Driven in part by a surge in ethanol prices, the average price of gasoline, currently at $3.54 per gallon, is expected to reach its peak between $3.55 and $3.75 per gallon by early April, according to AAA spokesman Michael Green.

Green said gas prices have inched higher since early February. At their current rate of increase, the national average may stop rising at $3.65 per gallon—less than last year's $3.79 record.

Some experts have attributed this year's gas price hike in part to the recent surge in ethanol prices, caused by a tight supply of the corn-based fuel because of railroad delays. U.S. gasoline is blended with ethanol, which accounts for about 10 percent of the mixture that drivers pump at the gas station.

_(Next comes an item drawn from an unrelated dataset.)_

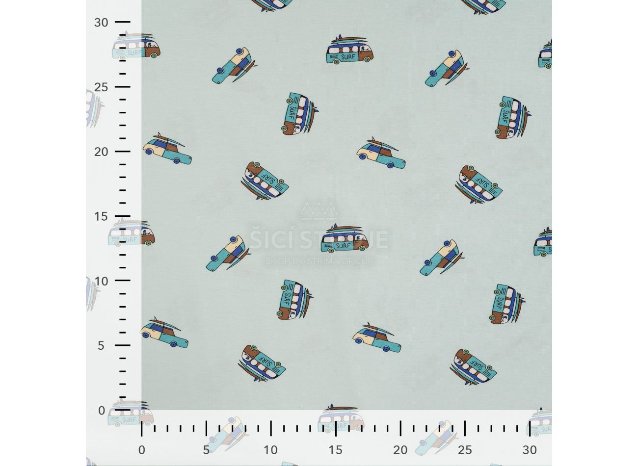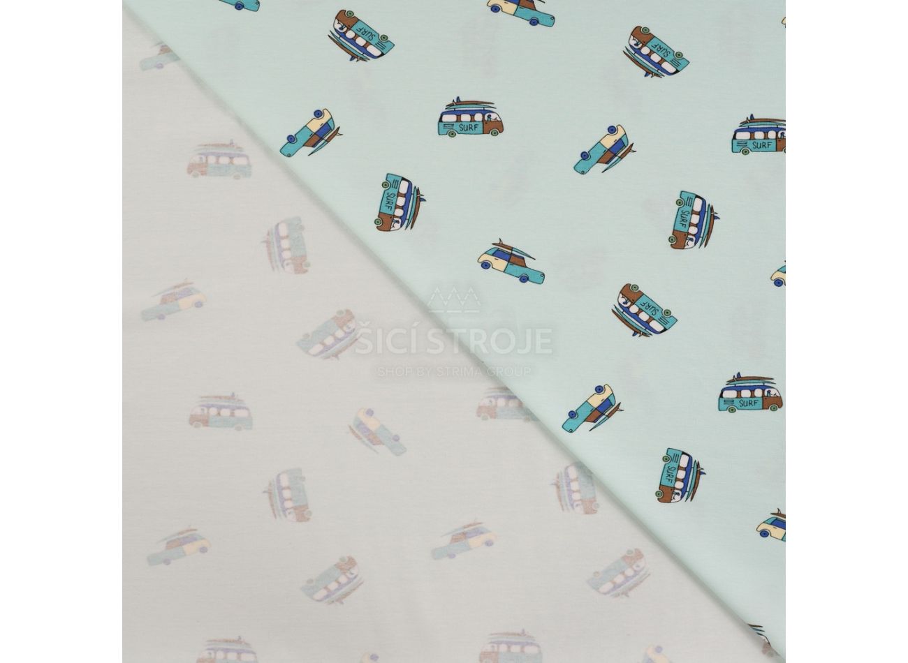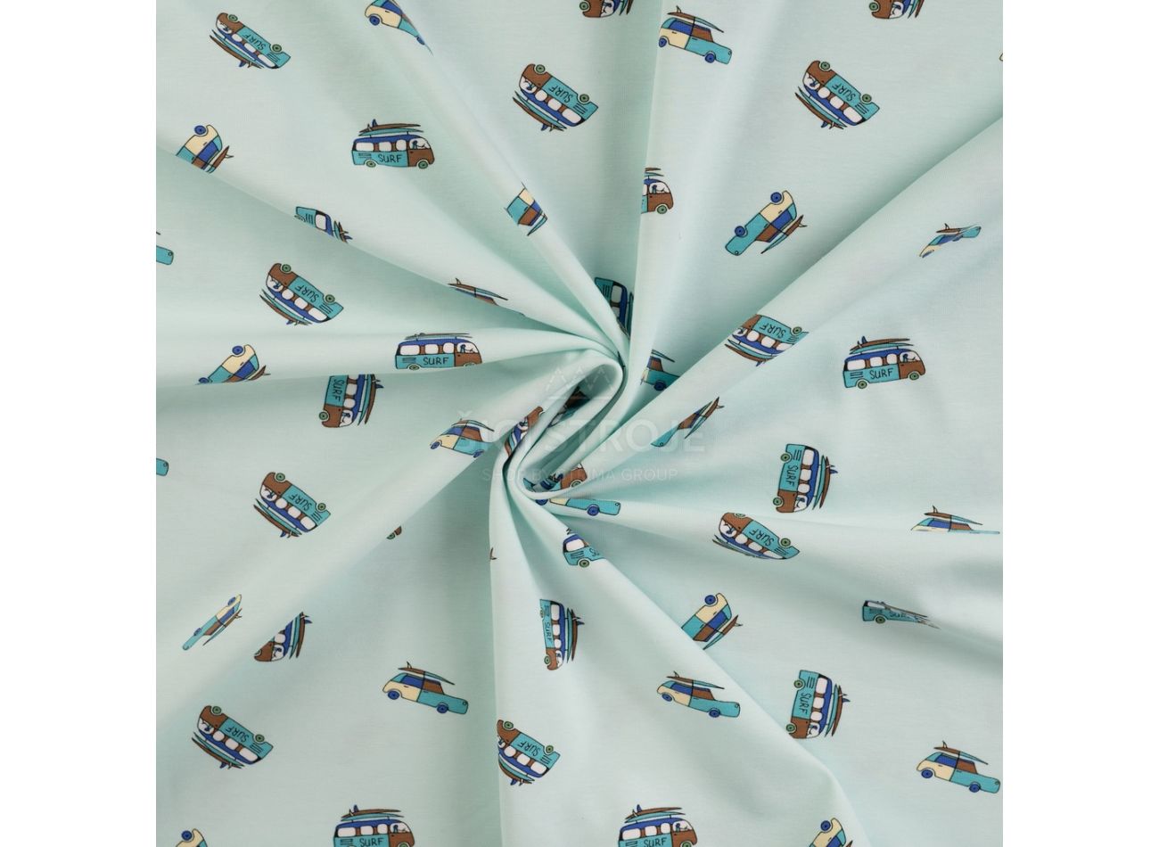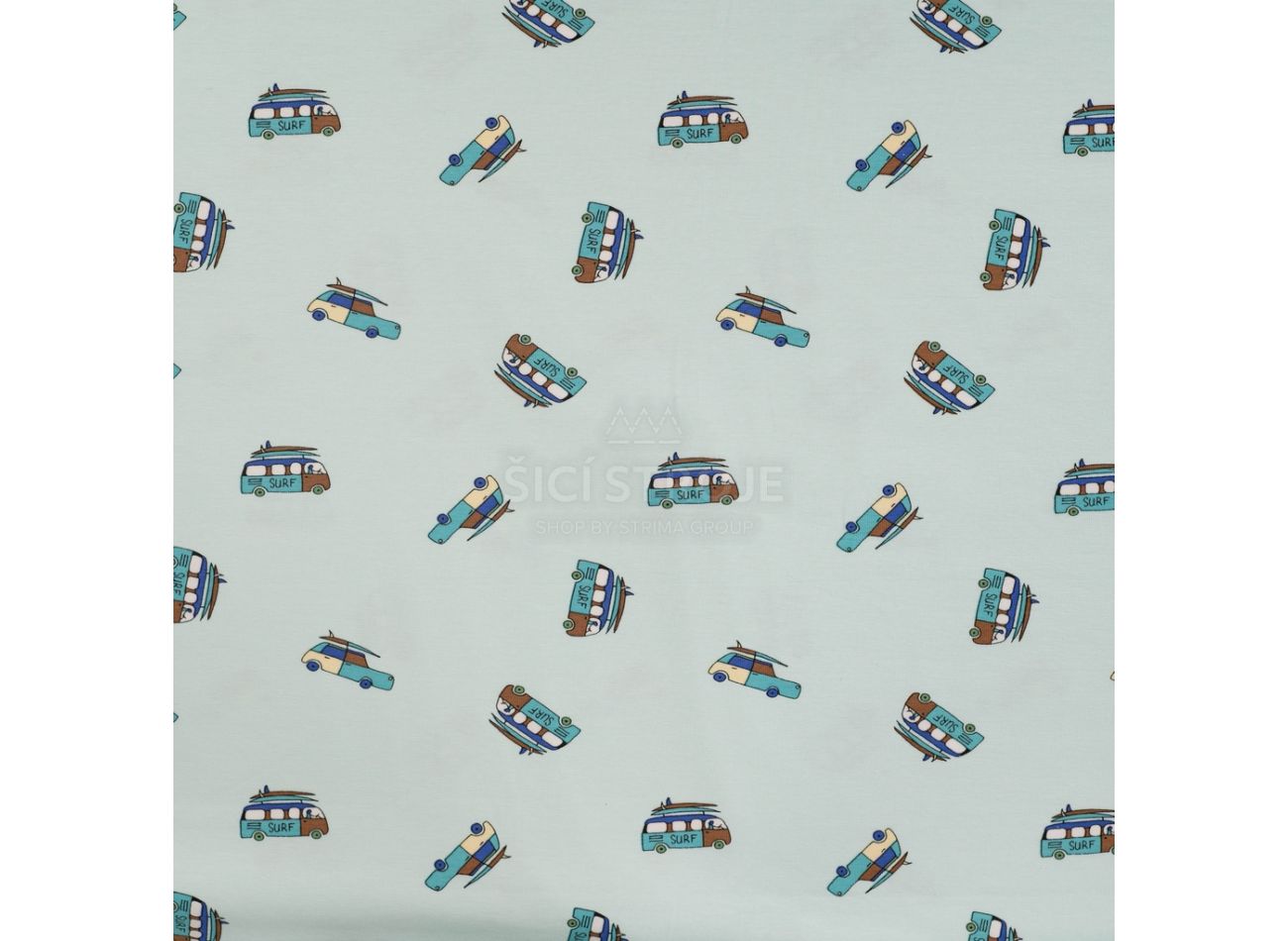 Cotton/EA Jersey Print, 95% bavlna, 5% elastan, minimálna šírka 145 cm, gramáž 200 g/m2, vzor surf van, farba baby blue

"The rail is pretty much the predominant way ethanol is delivered," said Jordan Godwin, biofuels editor at energy and commodity data firm Platts. He noted that this winter's extreme weather—coupled with the growing cargo competition with oil and petroleum—caused holdups in ethanol delivery throughout January and February.

As a result, ethanol producers were forced to slow down production or shut down plants. In fact, stocks are down by more than 10 percent compared with this time last year.

Godwin added that the fuel's supply picture has started to look up, and he expects ethanol stocks to replenish themselves in the next few weeks. It will also benefit from this year's strong corn production as margins of corn-based ethanol enjoy a boost.

The rise in ethanol has added about 7 to 15 cents a gallon to gasoline this week, said Patrick DeHaan, a senior petroleum analyst at GasBuddy.com.

DeHaan said that refinery maintenance and the seasonal switch from winter blend to summer blend also have pushed up gas prices.

Gas prices generally head north in spring as refiners enter maintenance season and switch from winter blend to summer blend. The upward trend typically lasts until late April or early May.

In fact, production has started to pick up as refineries complete their maintenance process. Green pointed out that this spring's price hike has been relatively flat compared with previous years due to increased refinery capacity. Quiet geopolitical fronts, specifically in the Middle East, also have played a role in tempering energy markets so far this year.

For those reasons, drivers probably can expect gasoline to remain cheaper than last year for the rest of 2014, according to AAA, with prices reaching their lowest in late June at $3.30 to $3.40 per gallon and dropping again in autumn.

Summer, a driving season when gas demand and consumption jump, may be somewhat of a mixed bag, however.

"If prices remain muted like they have been, we probably won't see a significant decline. But we likely will see prices ease for the month of June," DeHaan said.